二进制表示浮点数
Prerequisite:Number systems
先决条件:数字系统
We all very well know that very small and very large numbers in the decimal number system are represented using scientific notation form by stating a number (
mantissa) and an exponent in the power of
10. Some of the examples are
6.27 * 10-27 and 5.21 * 1034. Similarly, Binary numbers can also be represented in the same form by stating a number (
mantissa) and an exponent of
2. The format of this representation will be different for different machines.

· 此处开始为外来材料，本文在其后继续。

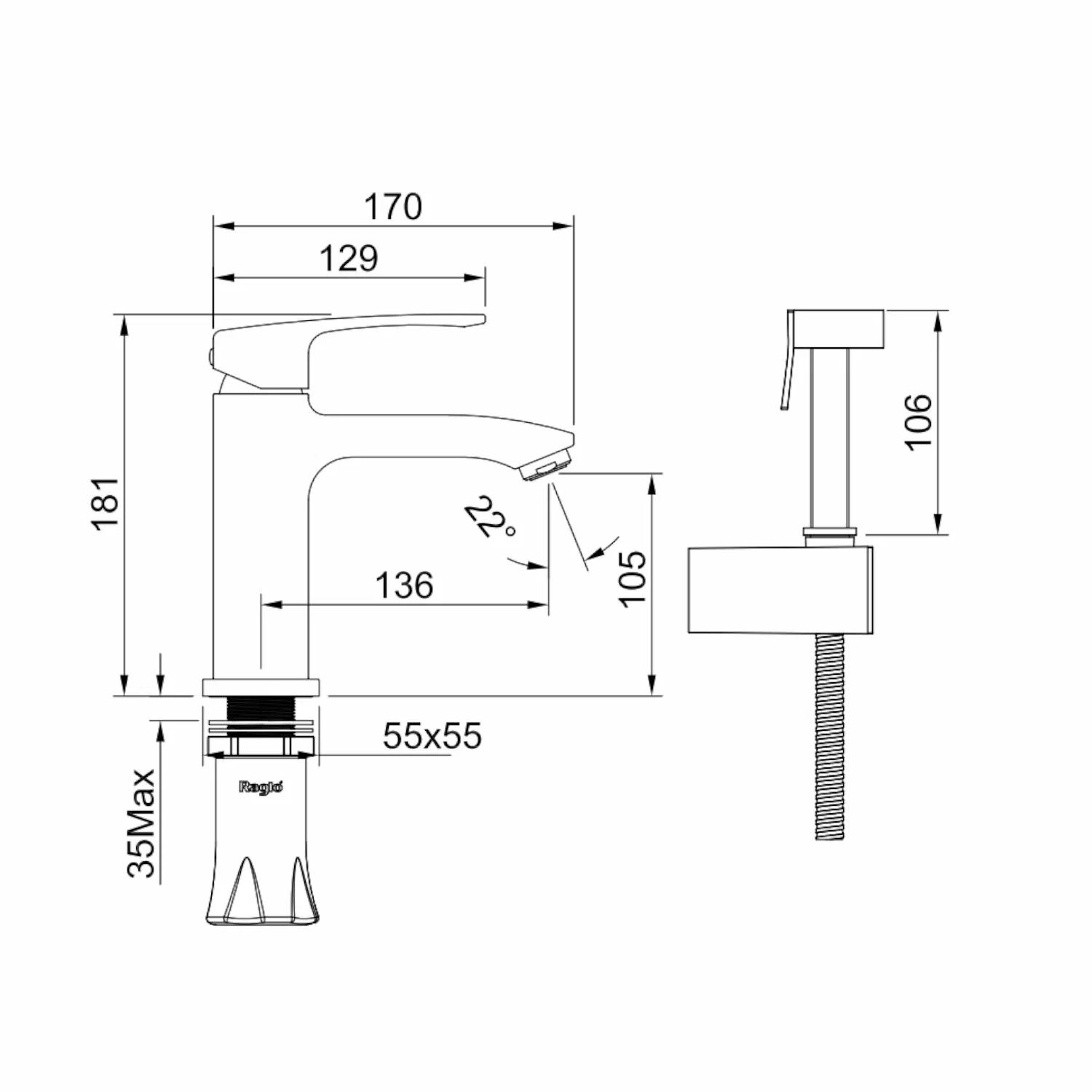 —Смеситель Raglo с гигиеническим душем для умывальника

众所周知,十进制数系统中的非常小和非常大的数字都是用科学计数形式表示的,即数字(
尾数)和幂为
10的指数。 一些示例是
6.27 * 10 -27和5.21 * 10 34。 类似地,二进制数字也可以通过表示数字(
尾数)和
2的指数来以相同的形式表示。 对于不同的机器,此表示形式的格式将有所不同。
The 16-bit machine consists of 10 bits as the
mantissaand 6 bits for the
exponentpart whereas 24-bit machine consists of 15 bits for mantissa and 9 bits for exponent.
16位机器由10位
尾数组成,
指数部分为6位,而24位机器由尾数15位组成,
指数部分为9位。
Format of the 16-bit machine can be represented as:
16位计算机的格式可以表示为:
Mantissa Part | Exponent Part |
---|---|
0110011010 | 101010 |
尾数部分 | 指数部分 |
---|---|
0110011010 | 101010 |
The
mantissais written in 2's complement form, so the
MSB of the Mantissacan be thought of as a sign bit. The binary point is assumed to be to the right of this sign bit. The 6-bit of the exponent can be used to represent
0 to 63, however, to express negative exponents a number
(32)10or
(100000)2is added to the desired exponent.
尾数以2的补码形式编写,因此可以将
尾数的
MSB视为符号位。 假定二进制点在该符号位的右边。 指数的6位可用于表示
0到63,但是,要表示负指数,则将数字
(32) 10或
(100000) 2添加到所需的指数。
Excess-32 Representation: This is a common system to represent floating-point numbers. In this notation, to represent a negative exponent, we add
(32)10to the given exponent which are given by the 6 bits.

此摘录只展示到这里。